# Training Rating/Quiz?



## mariaclara (Sep 19, 2009)

I guess everyone agrees  our coach making us keep a  training chart is ok.

But what about rating/quizzes?

Each of us have their own Training Chart. AFter every session, we fill in how many kicks/punches/knees/elbows/pushups/burpees/sparring rds/whatever else........ our chart. (voluntary & no cheating)

But the part some of us feels awkward with is the quiz/rating.

Sometimes after he teaches us a Combi/Technique (after we do it a couple hundredX), he passes out slips of paper to seniors. We then do the technique/combi he taught.Then the seniors rate our performance from 1-10. Gives comments/corrections.

Some feel this is too much stress/pressure on us. They don't like it. They say, they want to just train & take it easy. Personally, I like it. 

(I do like his suggestion (which I do especially when we have give&take/sparring) we video ourselves training so we can review it at home.)

Comments/opinions please?


----------



## Akira (Sep 19, 2009)

It's taking things too far imo. You're soon going to find out how good you are and what you need to work on when you spar. There's no substitute for fight experience.
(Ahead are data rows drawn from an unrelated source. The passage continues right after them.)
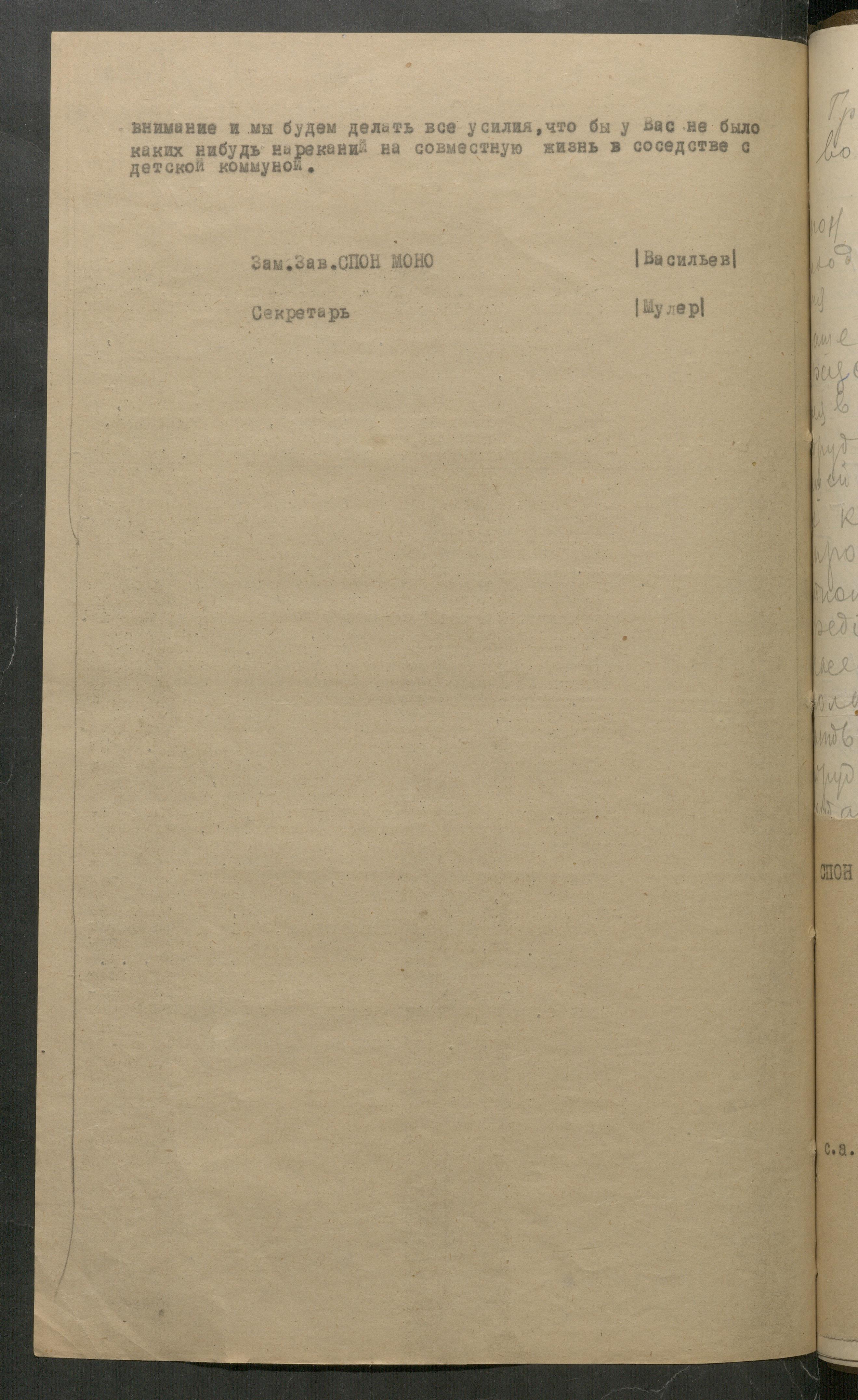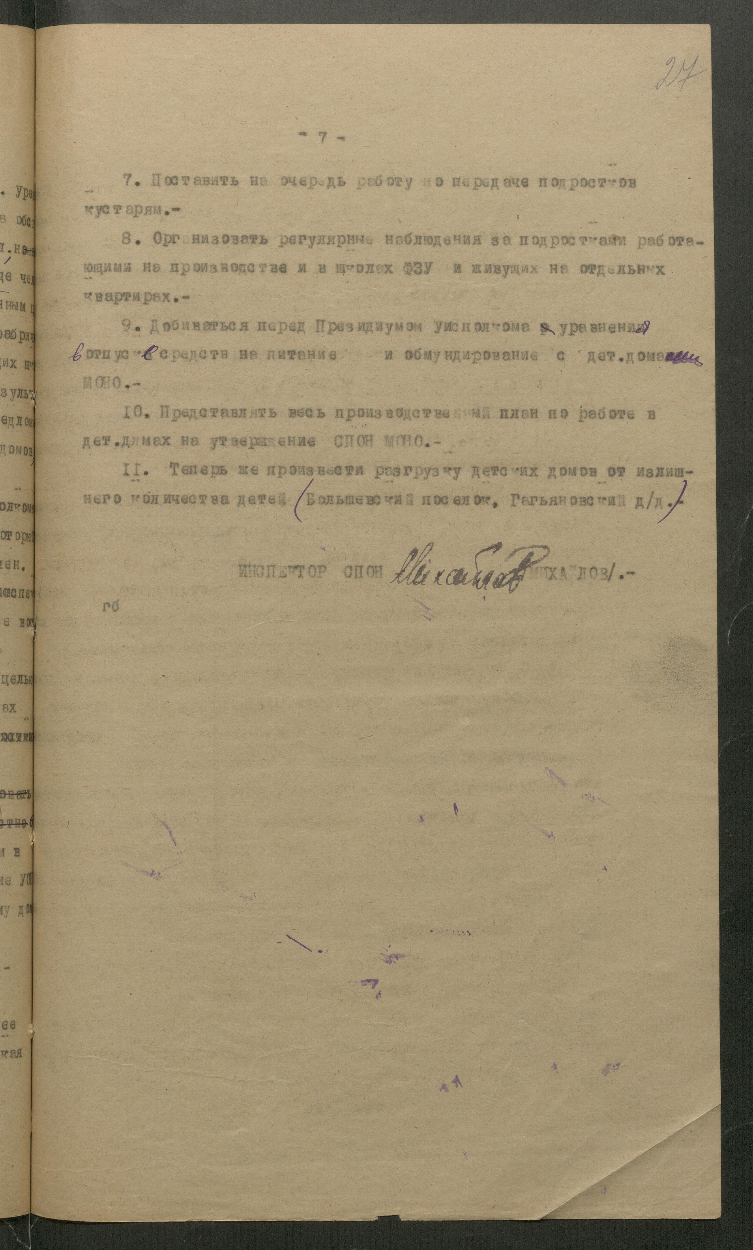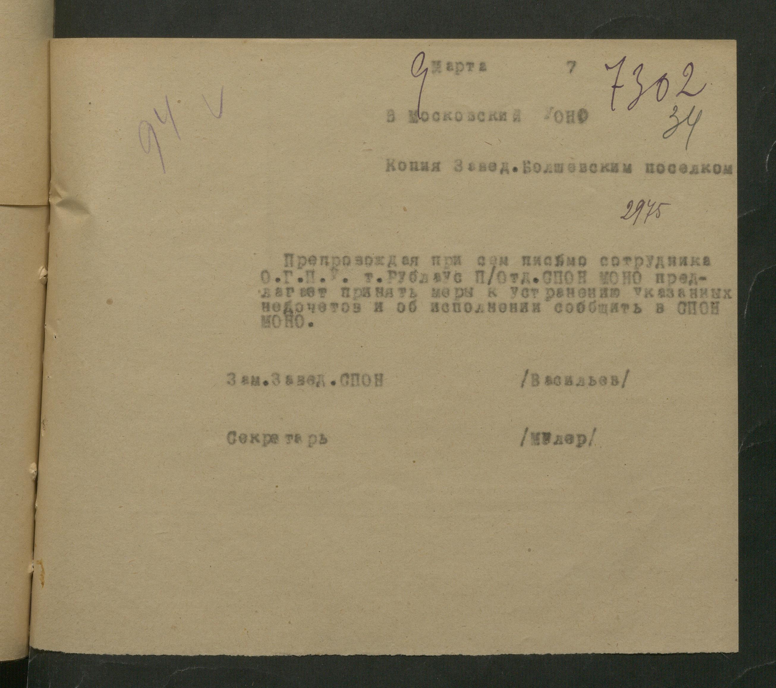 Следующий документ представляет собой записку СПОН МОНО заведующему Болшевским посёлком с приложением письма сотрудника ОГПУ Рублауса, в котором тот сообщает о скудном питании и ветхой одежде воспитанников Болшевского детского дома. СПОН МОНО предлагает заведующему устранить выявленные недостатки и отчитаться об исполнении.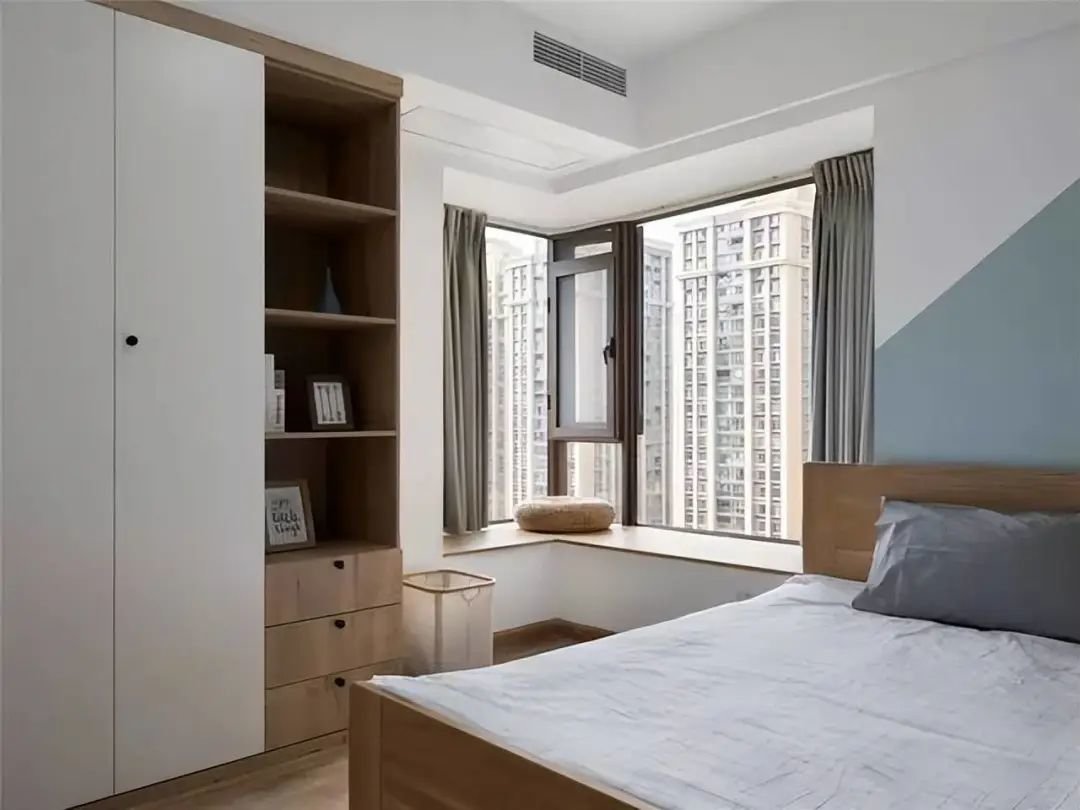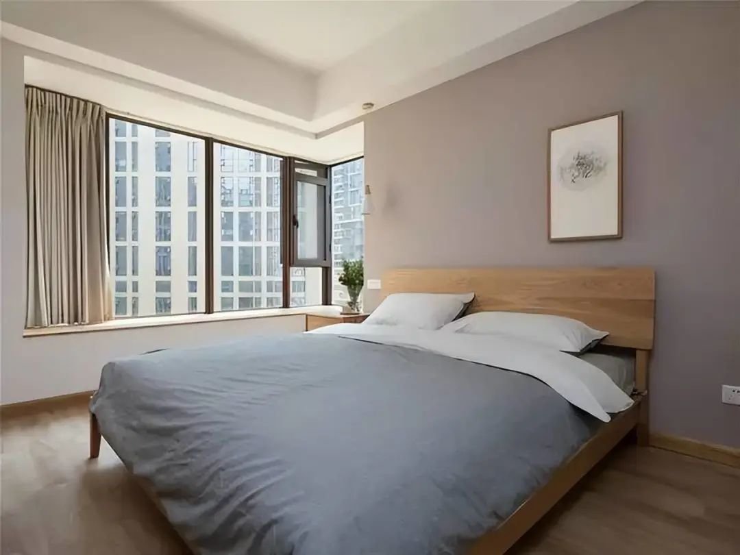 主卧温暖的日式木床,舒适的棉麻被褥,金色薄纱般的阳光,汇聚成一种宁静的温柔,让人依恋。全景飘窗适合午后小憩、沐浴阳光,晚上也适合观赏城市千家万户的灯光。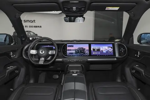 内饰方面,smart精灵#5 EHD超级电混(图片|配置|询价)内饰采用环抱式座舱布局,新车采用了3屏内饰设计13英寸OLED 2.5K的双联屏。新车配备AMD V2000车机芯片,smart精灵#5还配备有10.3英寸全液晶仪表盘和25.6英寸AR-HUD。配备三辐式多功能方向盘、怀挡式换挡机构,还提供全液晶仪表、大尺寸中控双联屏、AR-HUD抬头显示,支持主副驾分区娱乐信息显示,副仪表台位置配备有手机无线充电面板。此外,新车提供浅蜜棕和曜石黑两种内饰配色可选。前者更有活力,或者更大气。新车还集成了豆包 AI 大模型,语音交互和多模态控制体验得到了强化。车机不仅能够完成常见的导航、多媒体操作,还能在复杂场景下提供更自然的人机交互方式,例如多轮对话、语义理解和跨应用操作。车内采用 Nappa 真皮、256 色氛围灯、20 扬森海塞尔典范音响系统、AMD 5 屏智能互联座舱,搭载 AMD V2000 桌面级芯片。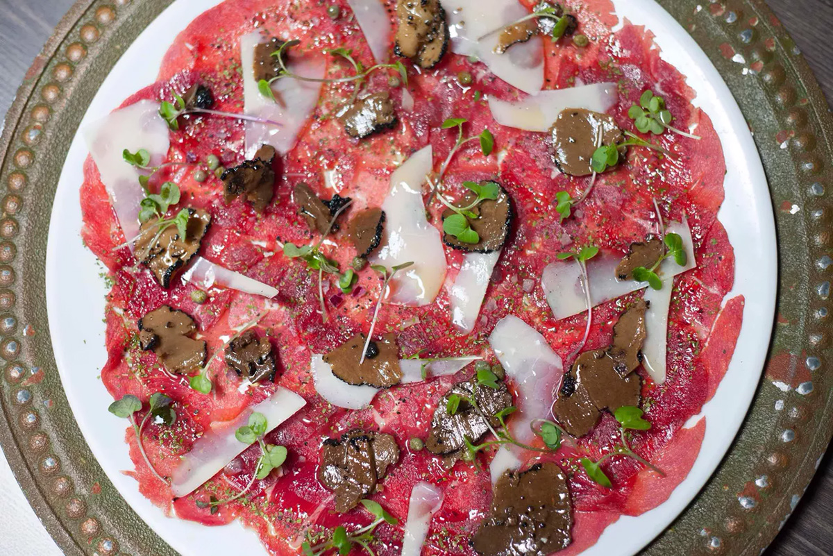 Carpaccio Di Manzo Finas laminas de filete de res fresco, hongos, cebolla morada, alcaparras, limón, perejil, arúgula, parmigiano Grana Padano y aceite de oliva. | $ 357 | |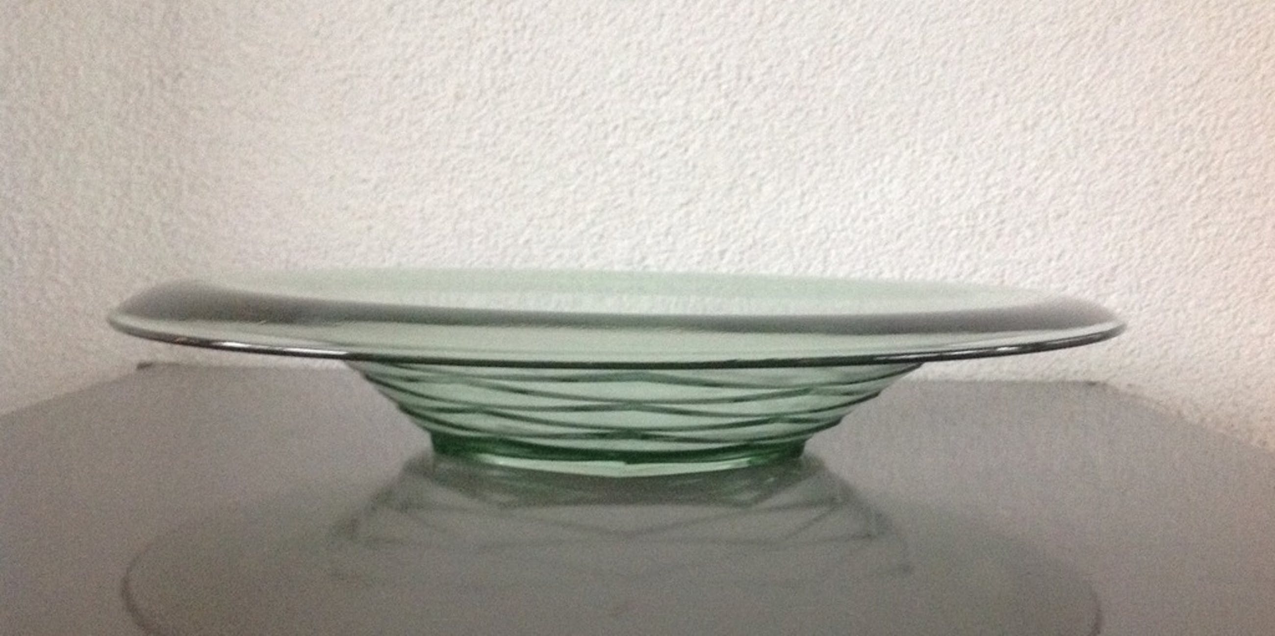 Deze lichtgroene schaal is ca. 1935 door Copier ontworpen voor de glasfabriek "Leerdam".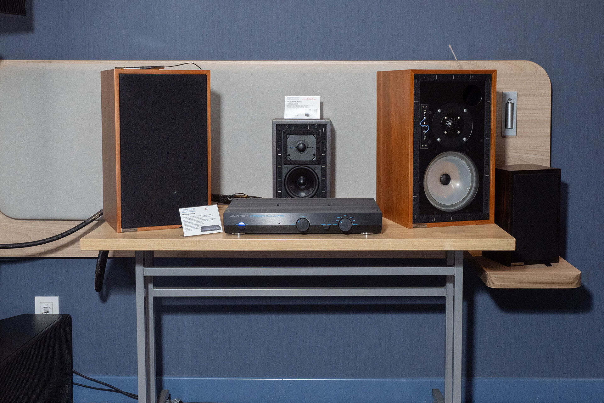 Кроме этого демонстрировалась отдельная камерная система с полочными мониторами Musical Fidelity LS 5/9 и усилителем Musical Fidelity A1. По-своему не менее интересная связка, чем главная система.
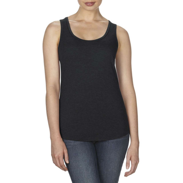 159.0 G/SqM;50% Polyester /25% Combed Ring-Spun Cotton /25% Viscose;Yarn Count 32/1;High stitch density for a smoother printing surface;Wicking properties;Semi-fitted contoured racerback silhouette with side seam;Bound self-trim neck and armhole;Twin-needle curved bottom hem;TearAway label;Oeko-Tex® Standard 100 Certified;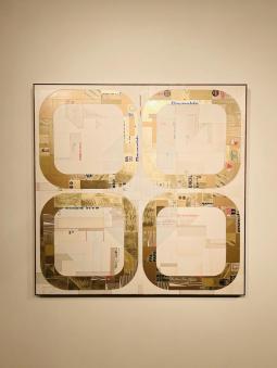 The most recent artist to be shown is Augustine Kofie with his series Rotationships. His work for this series relies on the collection of vintage pressboard sheets, from the 50s until the 80s, which were originally used in packaging. He uses them as the main material of the pieces, rearranging and repurposing those into the final artwork. This particular exhibition reminds me of the long nights of our degrees cutting cardboard and balsa wood for our beloved models. But his outcome is neater than my models ever were.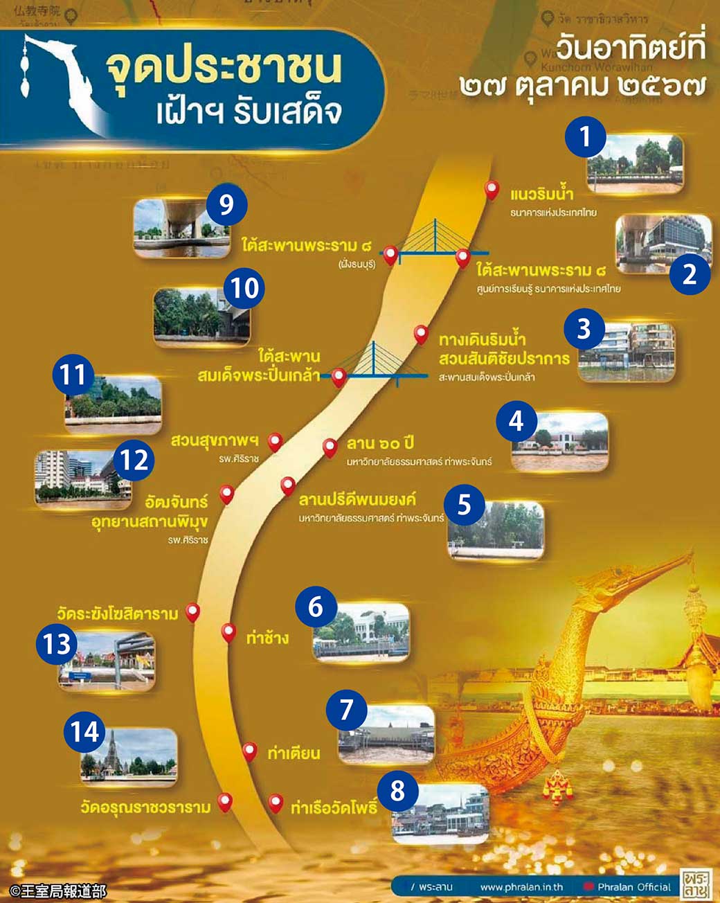 チャオプラヤー川沿いの14カ所で一般人も鑑賞が可能できるほか、混雑緩和のためLEDディスプレイを使った中継も予定されている。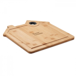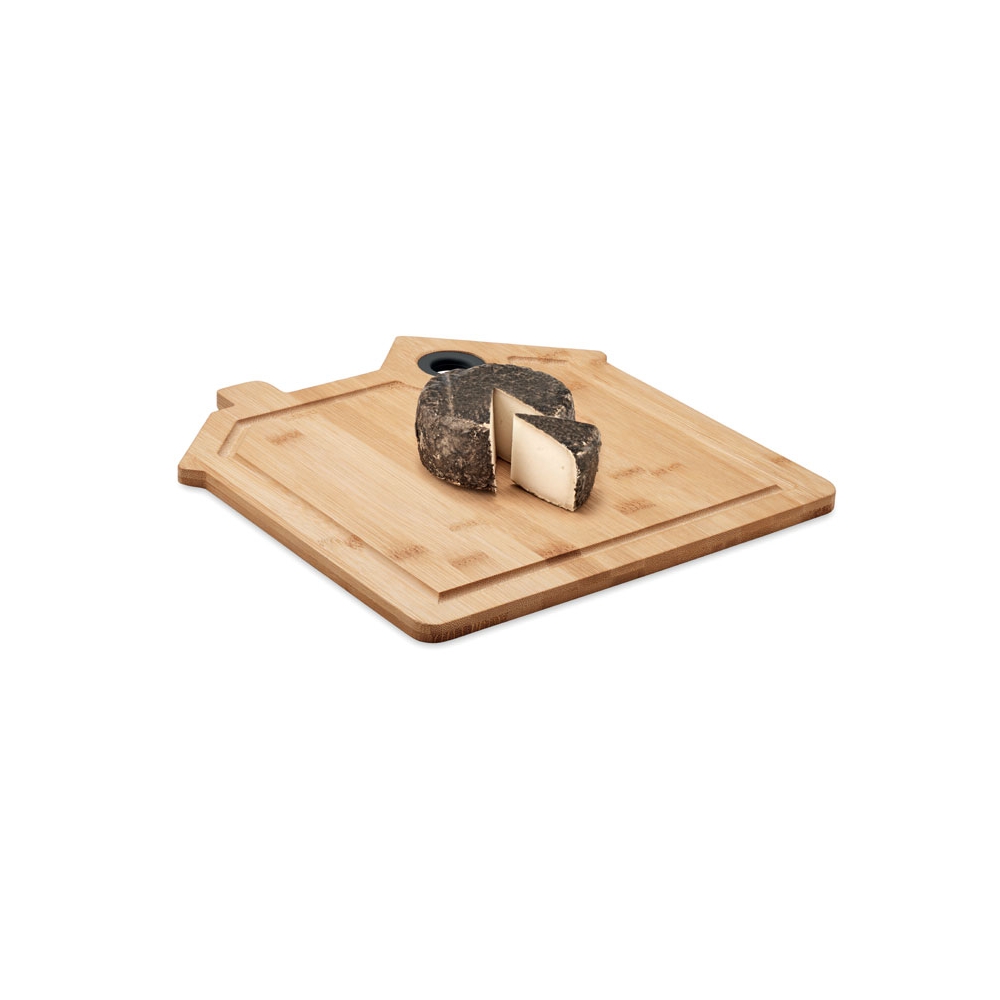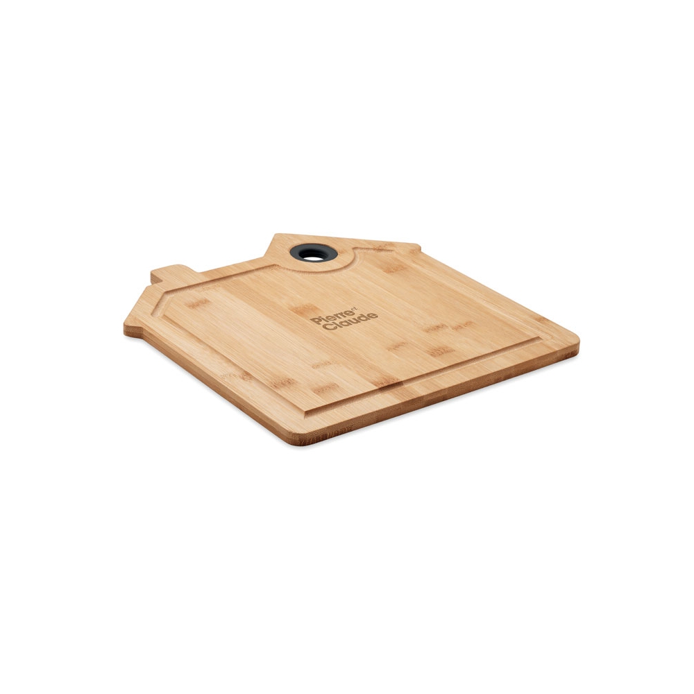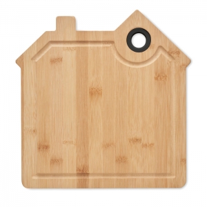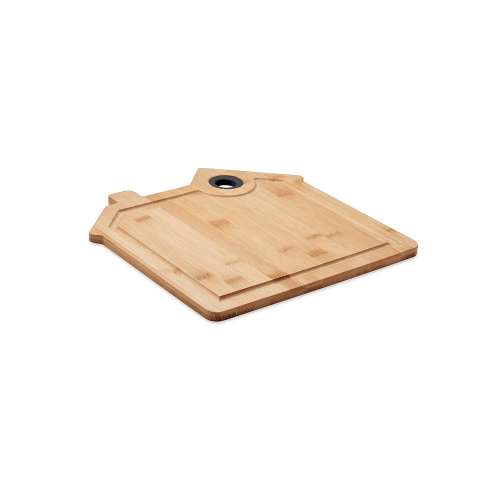 Artikel-Nr: OCBMO6859-40Schneidebrett aus Bambus mit Saftrille. In Optik eines Hauses. Inkl. Aussparung zum praktischen Aufhängen. Bambus ist ein natürliches Produkt, es kann daher zu leichten Abweichungen in Farbe, Dekor und Maßen kommen.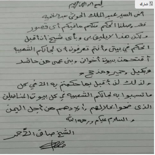 كتب الشيخ حسين عبد الله بن حسين الأحمر منشورا على صفحته في موقع التواصل الإجتماعي "فيس بوك" عبر فيه عن حزنه وتعازيه في وفات صديقه محمد عبد الإله...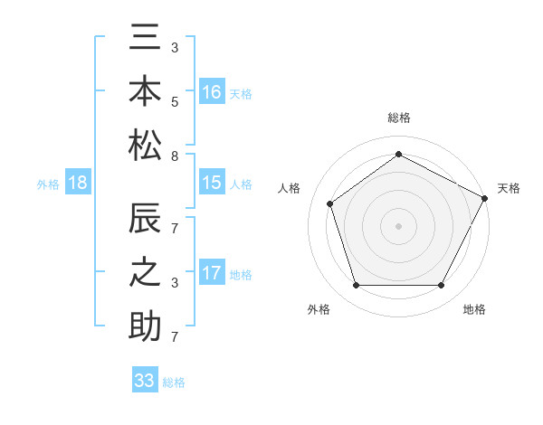 三本松 辰之助さんを姓名の画数から五運を鑑定

Also, how can you remember how many knees/kicks/elbows etc you do every round? I guess a little easier if you're doing 1 combo per round but who trains like that? For example, I'll do 3/5 rounds thai pads just freestyling it, then a few rounds on the bag, maybe a couple of rounds of teep kicks or on the uppercut block then maybe some clinch sparring for 15/20 minutes then finish off with 100 knees on the heavy bag. There's no way I can keep count of all that.

Also, what is more effective? Doing 100 knees with good technique or 500 with sloppy technique? Bits of paper and training journals are all good but they pale in comparison to trying out what you're learning in the ring.


----------



## mariaclara (Sep 19, 2009)

oh, I forgot to mention, this is for beginners only.  Especially for those who do not even know how to punch/kick/elbow/knee/combi. 

For some peeps like me (quite a number of us in our gym), who are in it only for fitness & just learn MT, we don't usually go on to fighting in the ring. 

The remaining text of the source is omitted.